As we near the end of the twentieth century, the history of many basic structural elements of the health-care system remains unexplored. One important part of that structure is large, research-oriented academic medical institutions. Within these new creations of the latter half of the century, departments have come to dominate the landscape as never before. Of those departments, perhaps none have been so powerful as departments of internal medicine—in large and rich medical centers, usually the largest and often the richest department, and certainly one of the most important in shaping the structure of health care, educating its practitioners, and using plentiful research funds to create new knowledge. However, contrary to what one might surmise from a cursory scan of the medical history literature, not all of those institutions were located on the Eastern seaboard. Thus, this well-written volume describing the rise of the University of Iowa Department of Internal Medicine “sprung improbably from the cornfields” (p. xxiii) to national prominence will be read with interest, not only by current and former students of that institution, but also by scholars of twentieth-century medical history wishing to broaden their knowledge of that topic to include the central regions of the United States.

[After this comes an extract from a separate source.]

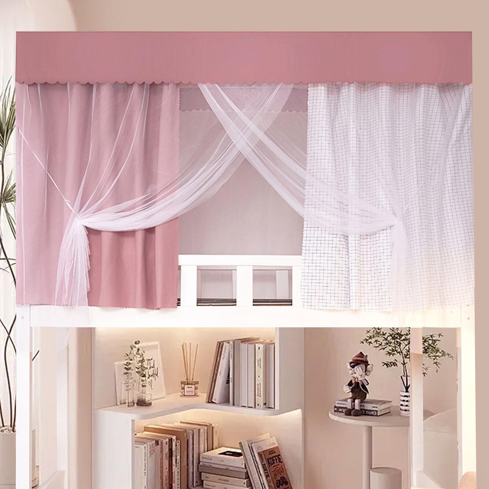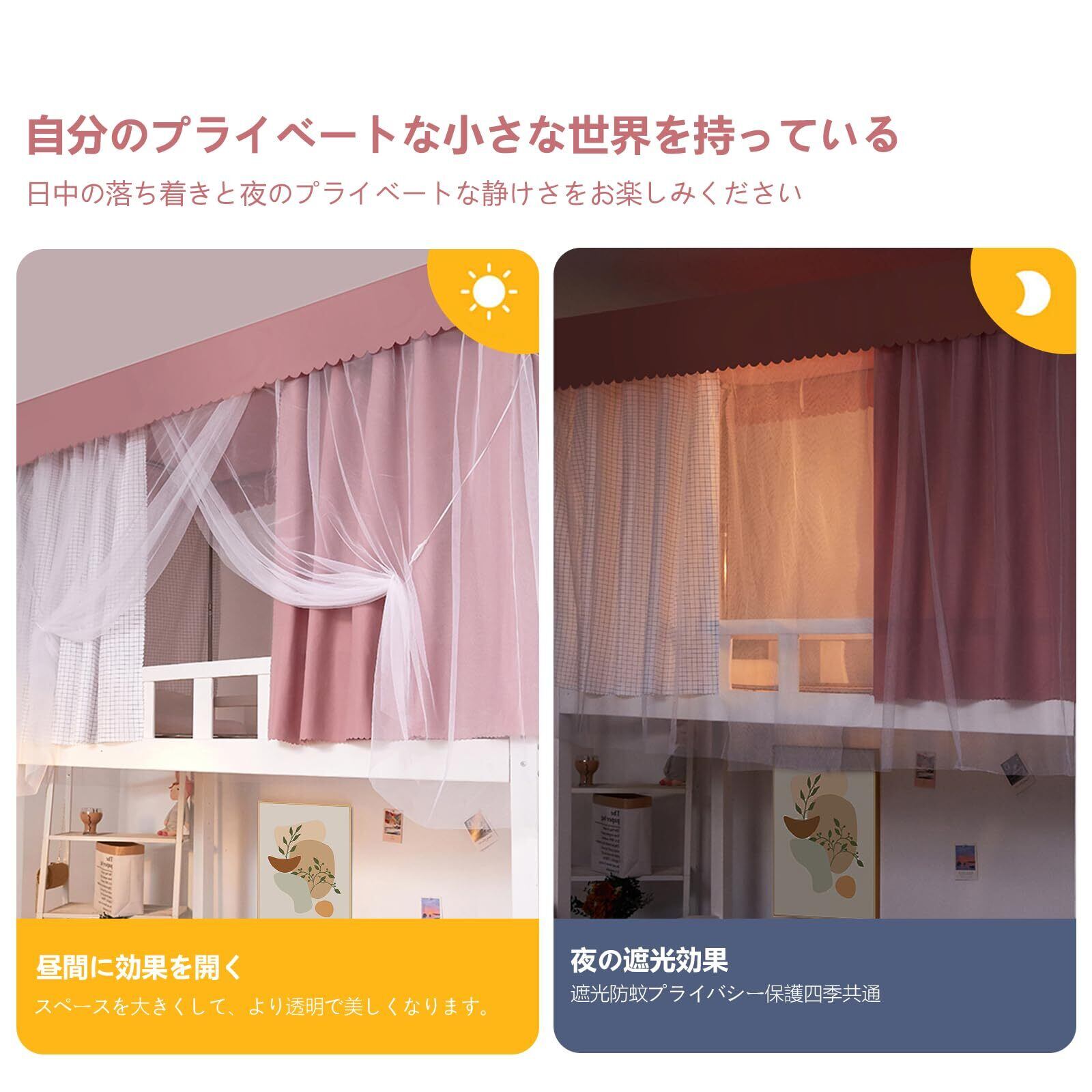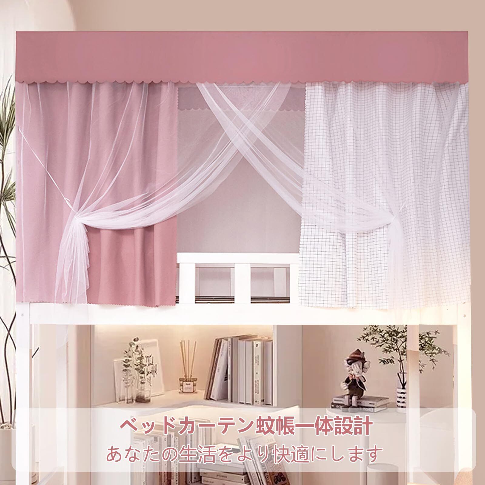 蚊帳 学生寮 上段と下段蚊帳 シングルベッド 室内カーテン ベッドテント プライバシーテント 取り付けが便利 遮光 通気性 防虫 防蚊 防塵 多機能取り付けが便利 (下段ベッド(長さ190 幅90 高さ90),桜色)

This systematic history makes good use of archival manuscript material to create a readable narrative of the department over the years. The author is attuned not only to scientific developments but also to social themes, such as concerns about gender balance in the department, and the attempts of leaders to achieve some measure of religious and ethnic diversity in the heartlands.
The volume was commissioned by the University of Iowa Department of Internal Medicine, apparently with the additional financial support of the state medical society and the pharmaceutical industry. While this is an excellent history, such sponsorships must be noted with caution, for at least two reasons. One is the possibility that the source of support could constrain the scope of topics or define the analytic frame of the historian. How free is a historian in such a situation to write a negative assessment of the subject? The second, more subtle, and possibly more dangerous reason is that we could wind up with histories of strong departments and not of weak ones, of survivors rather than those that did not survive.